[REQUIRED WORK]:
Your copy should repeat each record exactly and contain none of the pictures.
─── DATASET EXTRACT ───
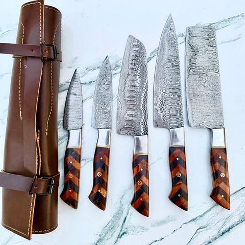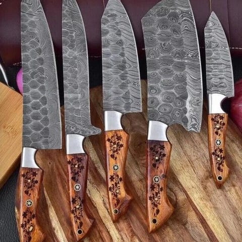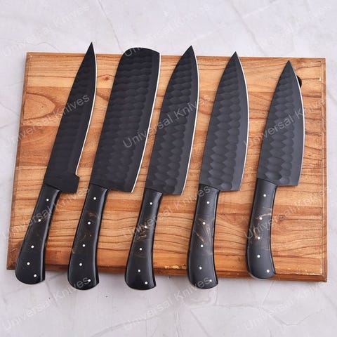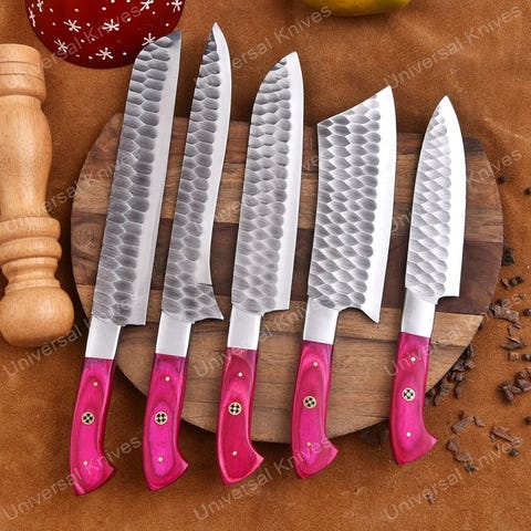 Resin-skallen er fastgjort. Komfortabelt at holde i hånden. for samleren eller mesterkokken er dette knivsæt stilfuldt og bygget til at vare. Hak, hakke, skær og udskær dig til at blive en mesterkok med dette alsidige knivsæt
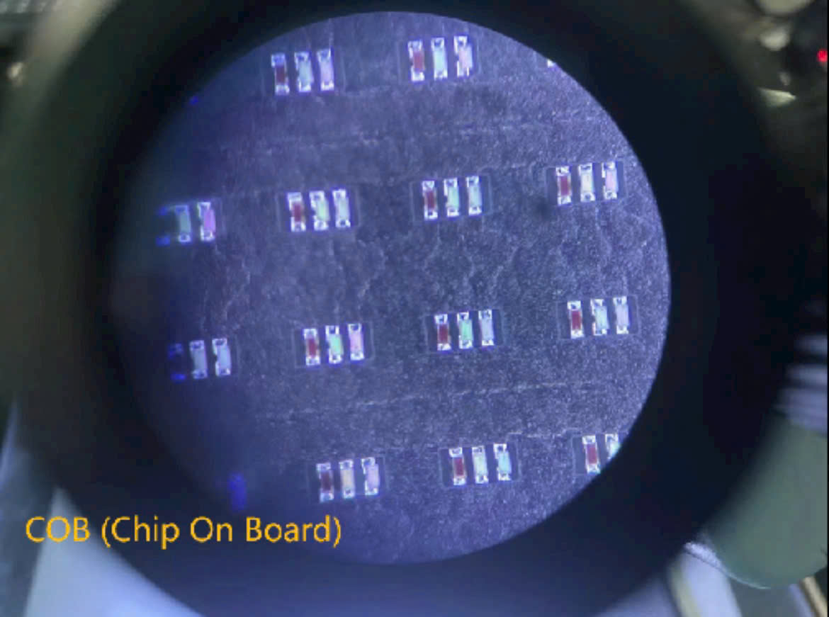 COB (Chip On Board) là công nghệ đóng gói chip LED trực tiếp lên bảng mạch mà không thông qua chân đỡ. Các chip LED được phủ lớp keo chống ẩm, giúp tăng độ bền và khả năng chống chịu môi trường.
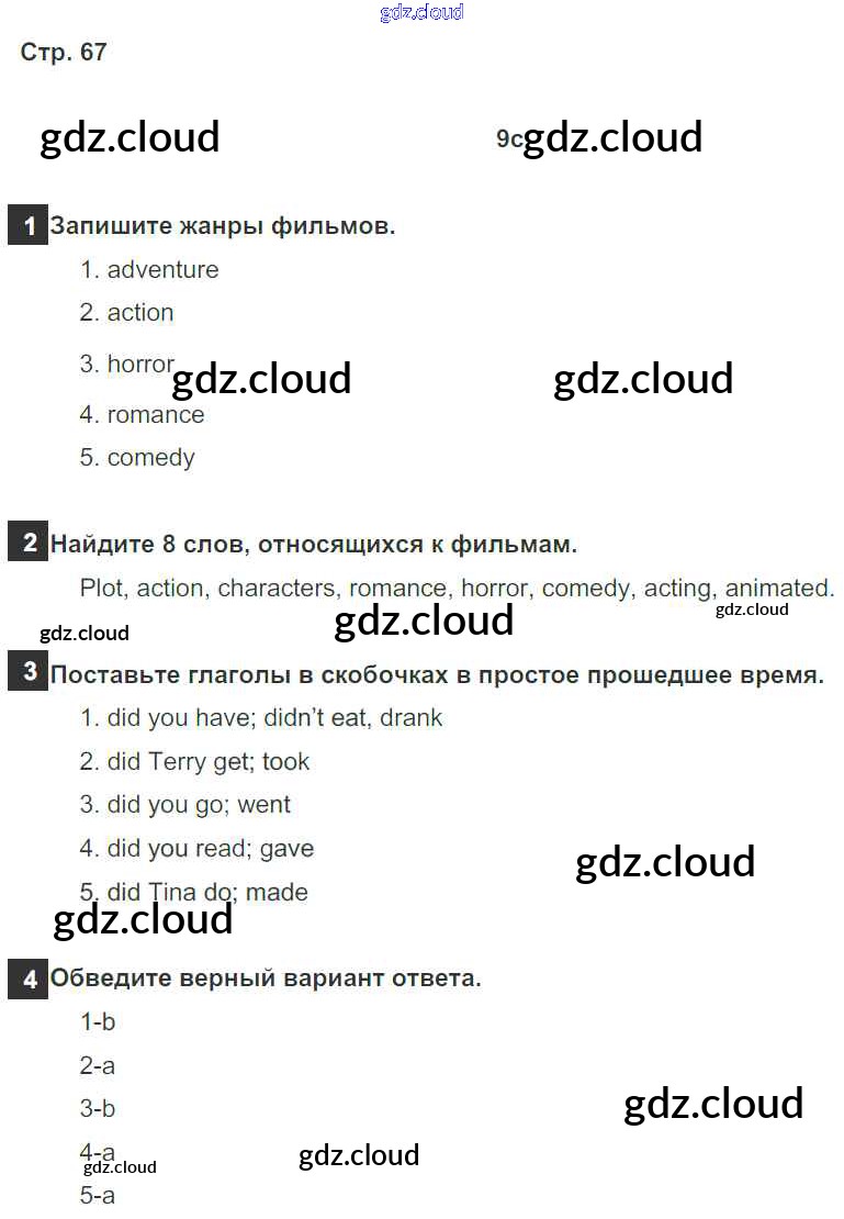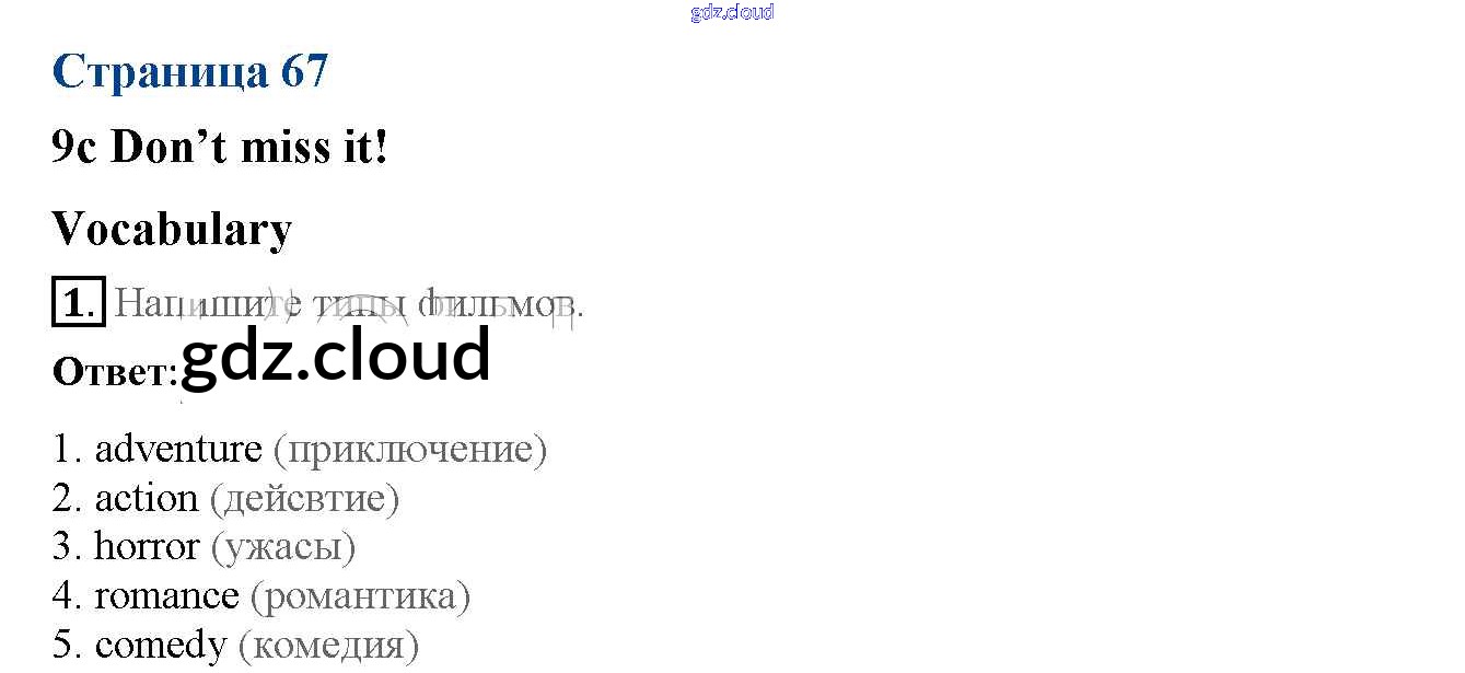 Ответ на задание 67 Рабочая тетрадь Английский язык за 5 (пятый) класс Ваулина, Дули, Подоляко, Эванск Spotlight 2016, 2022
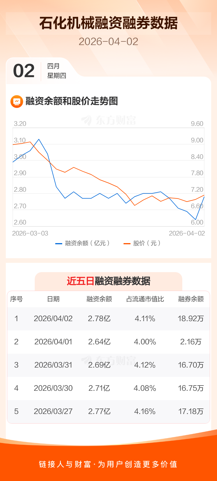 交易所最新数据显示,石化机械于2026年4月2日获融资买入3406.09万元,融资偿还2011.49万元,当日融资净买入1394.6万元。目前,该股融资余额2.78亿,占流通市值比例为4.11%。
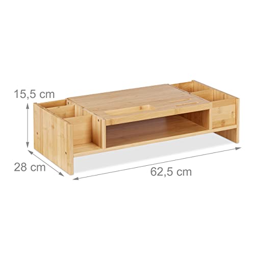 Relaxdays - حامل شاشة من البامبو مع مساحات تخزين اتش دبليو دي 15.5 × 62.5 × 28 سم، قاعدة عرض للمكتب من الخشب الطبيعي 100% من ريلاكس دايز، 1
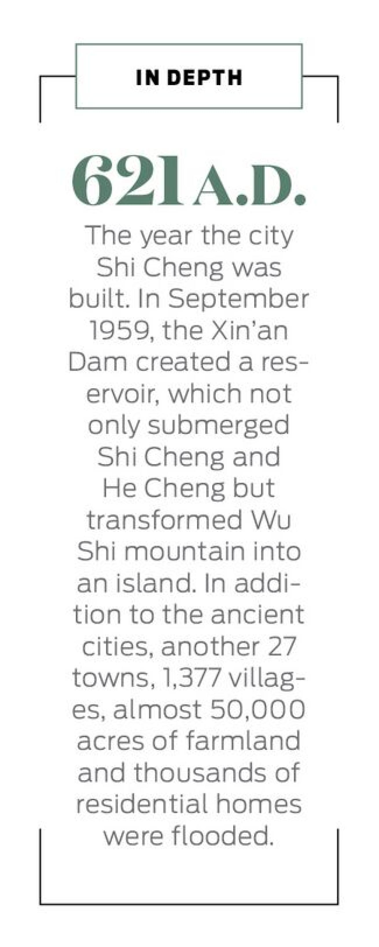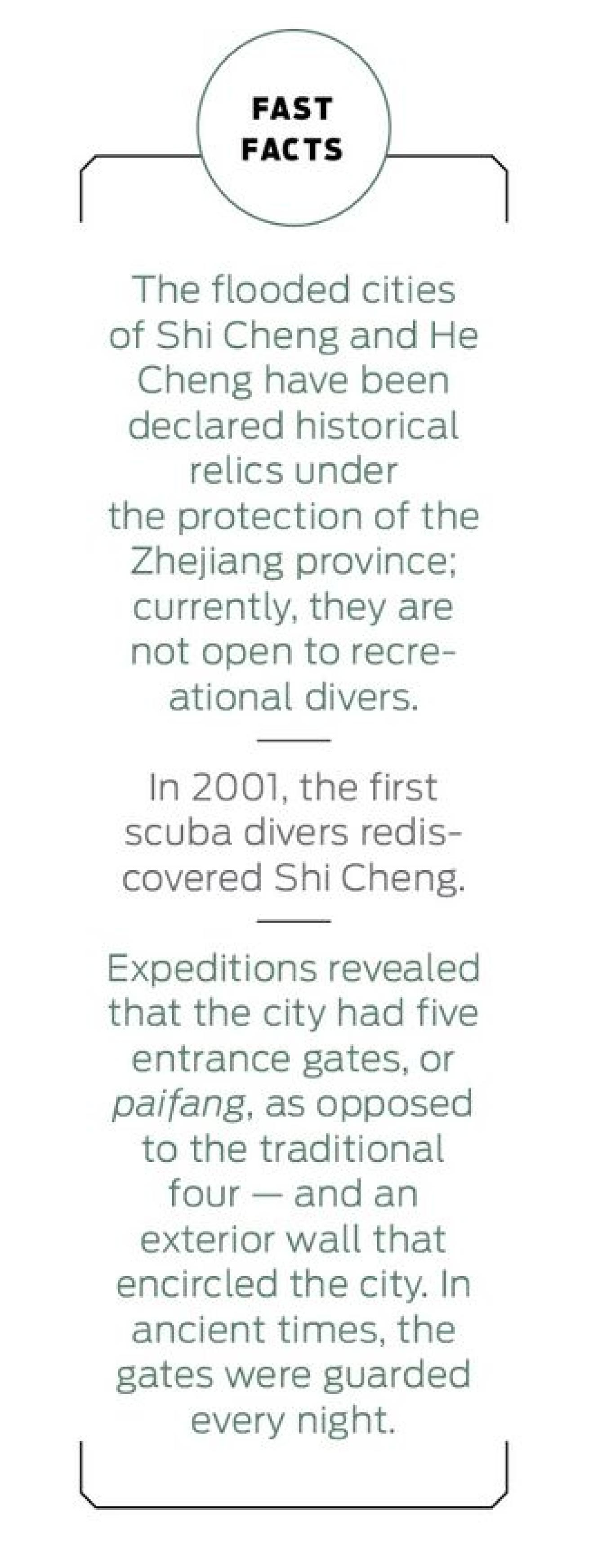 For more than 50 years, Shi Cheng — a maze of white temples, memorial arches and houses decorated with classical Chinese statues such as guardian lions and intricate carvings of dragons and phoenixes — slumbered undisturbed at the bottom of the Qiandao Lake until it was rediscovered in January 2001 and later declared a historical relic under the protection of the Zhejiang province.
───
[TASK RESPONSE]:
 Resin-skallen er fastgjort. Komfortabelt at holde i hånden. for samleren eller mesterkokken er dette knivsæt stilfuldt og bygget til at vare. Hak, hakke, skær og udskær dig til at blive en mesterkok med dette alsidige knivsæt
 COB (Chip On Board) là công nghệ đóng gói chip LED trực tiếp lên bảng mạch mà không thông qua chân đỡ. Các chip LED được phủ lớp keo chống ẩm, giúp tăng độ bền và khả năng chống chịu môi trường.
 Ответ на задание 67 Рабочая тетрадь Английский язык за 5 (пятый) класс Ваулина, Дули, Подоляко, Эванск Spotlight 2016, 2022
 交易所最新数据显示,石化机械于2026年4月2日获融资买入3406.09万元,融资偿还2011.49万元,当日融资净买入1394.6万元。目前,该股融资余额2.78亿,占流通市值比例为4.11%。
 Relaxdays - حامل شاشة من البامبو مع مساحات تخزين اتش دبليو دي 15.5 × 62.5 × 28 سم، قاعدة عرض للمكتب من الخشب الطبيعي 100% من ريلاكس دايز، 1
 For more than 50 years, Shi Cheng — a maze of white temples, memorial arches and houses decorated with classical Chinese statues such as guardian lions and intricate carvings of dragons and phoenixes — slumbered undisturbed at the bottom of the Qiandao Lake until it was rediscovered in January 2001 and later declared a historical relic under the protection of the Zhejiang province.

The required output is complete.